To know if/when transfer happens, the core can either generate/queue event in a FIFO or the software can also just poll the EP status fields.
End Point 0 and Control endpoint in general are almost treated like any other endpoint, and you can use control transfer on any endpoint if you wish.
However the hardware does offer a couple of special features to make the software implementation of control transfer easier.
The first one is called the "Control Endpoint Lockout" or CEL for short.
If enabled, any SETUP
packet received by a control endpoint will trigger
the lockout. This will in turn cause any IN
or OUT
transactions on a
control endpoint to be NAKed
to make sure that the soft core / usb stack
has time to properly analyze the received SETUP
packet before sending
any response in case previous buffers for IN
/OUT
were left overs from
aborted transactions. This makes handling error cases much easier.

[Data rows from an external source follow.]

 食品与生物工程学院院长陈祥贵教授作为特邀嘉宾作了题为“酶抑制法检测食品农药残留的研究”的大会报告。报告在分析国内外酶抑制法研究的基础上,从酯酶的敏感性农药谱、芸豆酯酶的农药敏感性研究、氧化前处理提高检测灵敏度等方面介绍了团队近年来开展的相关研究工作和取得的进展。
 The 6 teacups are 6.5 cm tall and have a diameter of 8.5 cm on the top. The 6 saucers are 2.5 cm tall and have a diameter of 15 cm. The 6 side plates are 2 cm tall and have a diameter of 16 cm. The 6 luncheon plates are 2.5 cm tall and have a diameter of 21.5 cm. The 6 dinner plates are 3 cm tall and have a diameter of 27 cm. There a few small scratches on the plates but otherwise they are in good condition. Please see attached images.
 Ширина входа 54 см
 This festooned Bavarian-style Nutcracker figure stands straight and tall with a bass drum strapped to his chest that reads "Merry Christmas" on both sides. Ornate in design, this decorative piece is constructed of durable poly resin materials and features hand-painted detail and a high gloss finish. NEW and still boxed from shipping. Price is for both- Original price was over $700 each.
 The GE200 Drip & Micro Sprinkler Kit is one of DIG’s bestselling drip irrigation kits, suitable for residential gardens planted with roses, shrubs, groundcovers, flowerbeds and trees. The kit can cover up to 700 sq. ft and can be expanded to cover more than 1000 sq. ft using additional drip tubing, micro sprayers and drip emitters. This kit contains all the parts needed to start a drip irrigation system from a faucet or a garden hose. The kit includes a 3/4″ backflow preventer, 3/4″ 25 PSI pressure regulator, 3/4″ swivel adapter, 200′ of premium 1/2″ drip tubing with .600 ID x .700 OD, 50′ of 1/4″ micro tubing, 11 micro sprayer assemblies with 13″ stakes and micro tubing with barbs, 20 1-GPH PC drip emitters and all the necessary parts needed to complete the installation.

The second feature is a special double buffer mode for control endpoints
where instead of having two buffers alternating, you have two buffers
descriptors, the first one is used for OUT
transactions and the second
one is used for SETUP
transactions. Again, this makes the software stack
implementation a bit easier.
SB_RAM40_4K
Although the core has been developped with the iCE40 in mind, it should be easily portable to other FPGAs as there is very few harware specific blocks inside. (Mostly just the IOs and BRAMs)
usb_phy.v
This module mostly just contains the IO tristate buffers and also a small glitch filter to improve signal quality.
usb_tx_ll.v
This module implements the transmit side of bit stuffing, differential coding, symbol mapping and transmit baudrate timing.
usb_tx_pkt.v
This module handles the sending of packet. Handles adding header, CRC and serializing into a bitstream.
usb_rx_ll.v
This module takes care of receive clock recovery, symbol unmapping, differential decoding and bit-unstuffing. It provides a stream of valid bits to the upstream block along with markers for packet sync and end-of-packet.
usb_rx_pkt.v
This takes the recovered bitstream from the low-level module and reconstructs packet, doing checks along the way (PID check / CRC check).
usb_trans.v
This module is the heart of the USB core. It implements the transaction layer of USB. This means all the diagrams of Chapter 8 of the USB specifications.

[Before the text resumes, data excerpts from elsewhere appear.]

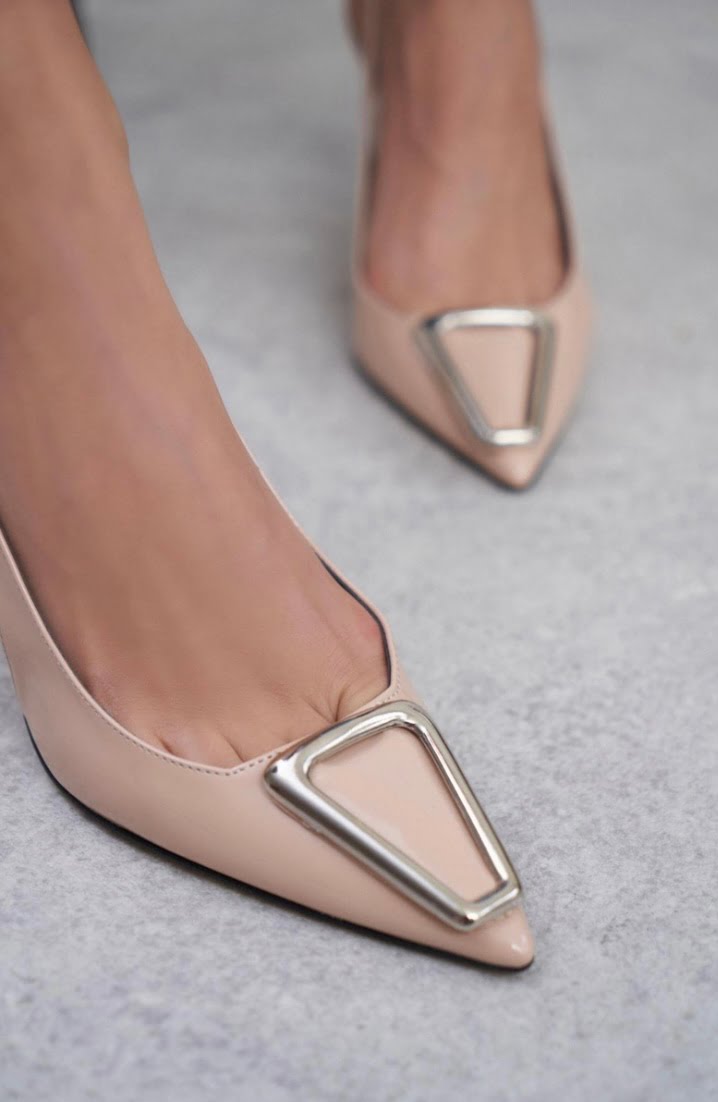 Λουστρίνι μυτερές γόβες με διακοσμητικό τοκά.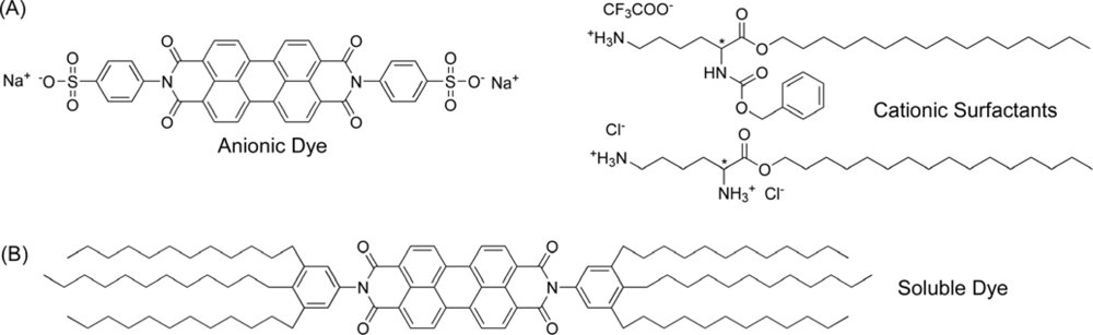 (A) Charged perylene bisimide and surfactants. (B) Perylene bisimide with alkyl tails.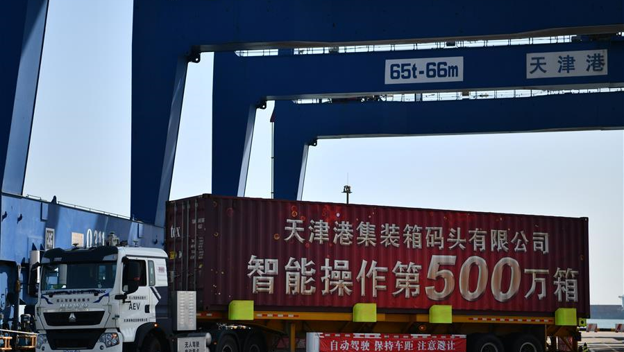 在天津港集裝箱碼頭有限公司北區(qū)智能碼頭自動化堆場,裝載著集裝箱的無人駕駛電動集裝箱卡車向碼頭駛去。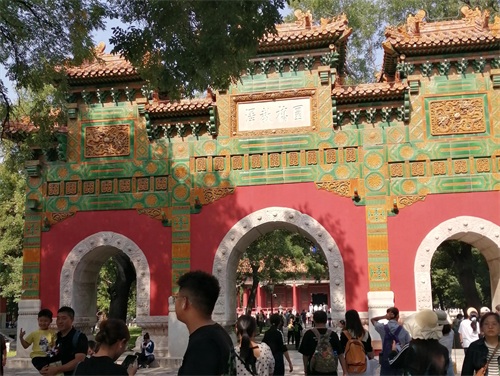 国子监 建于(1308年),是元、明、清三代国家最高学府和教育行政管理机构,是中国唯一保存完整的古代最高学府校址。国子监建筑面积1100余平方米,也是三进院落。中轴线上的建筑由南至北依次为集贤门、太学门、琉璃牌坊、辟雍大殿、彝伦堂、敬一亭。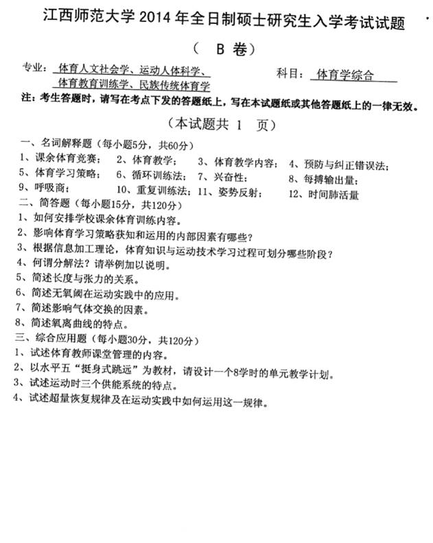 1. 江西师范大学体育学院《710体育学综合(含学校体育学、运动生理学)》历年考研真题汇总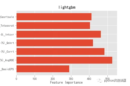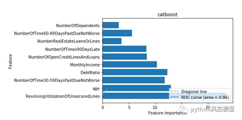 《python信用评分卡建模(附代码)》教程中集成树算法catboost的feature importance可视化图,我们可以明显看出RevolvingUtilizationOfUnsecuredLines可用额度比值变量的重要性最高。图中蓝色柱越长,重要性越大,反之亦然。

Because all the decisions to make are rather complex, this block main logic is implemented using microcode. So you have a very special purpose CPU (see Microcode instructions for its very limited instruction set), surrounded by some helper peripherals to control the TX/RX packets blocks, direct data appropriately and interact with the memory containing all the endpoint buffer descriptors and status information.
usb_ep_status.v
This memory is a BRAM that's used to store all the information about each endpoint (status / buffer descriptors / ... ). Because it needs to be accessed by both the microcode engine and by the softcore, it contains arbitration logic since the iCE40 doesn't suport true-dual-port RAM.
usb_ep_buf.v
This is just a dual-port RAM with different read/write clocks and port width.
Because the synthesis tool isn't yet capable of inferring this optimally, it was written by instanciating the iCE40 RAM primitives manually.
usb.v
This is the module that ties it all together and also implement the few global CSRs along with the wishbone interface.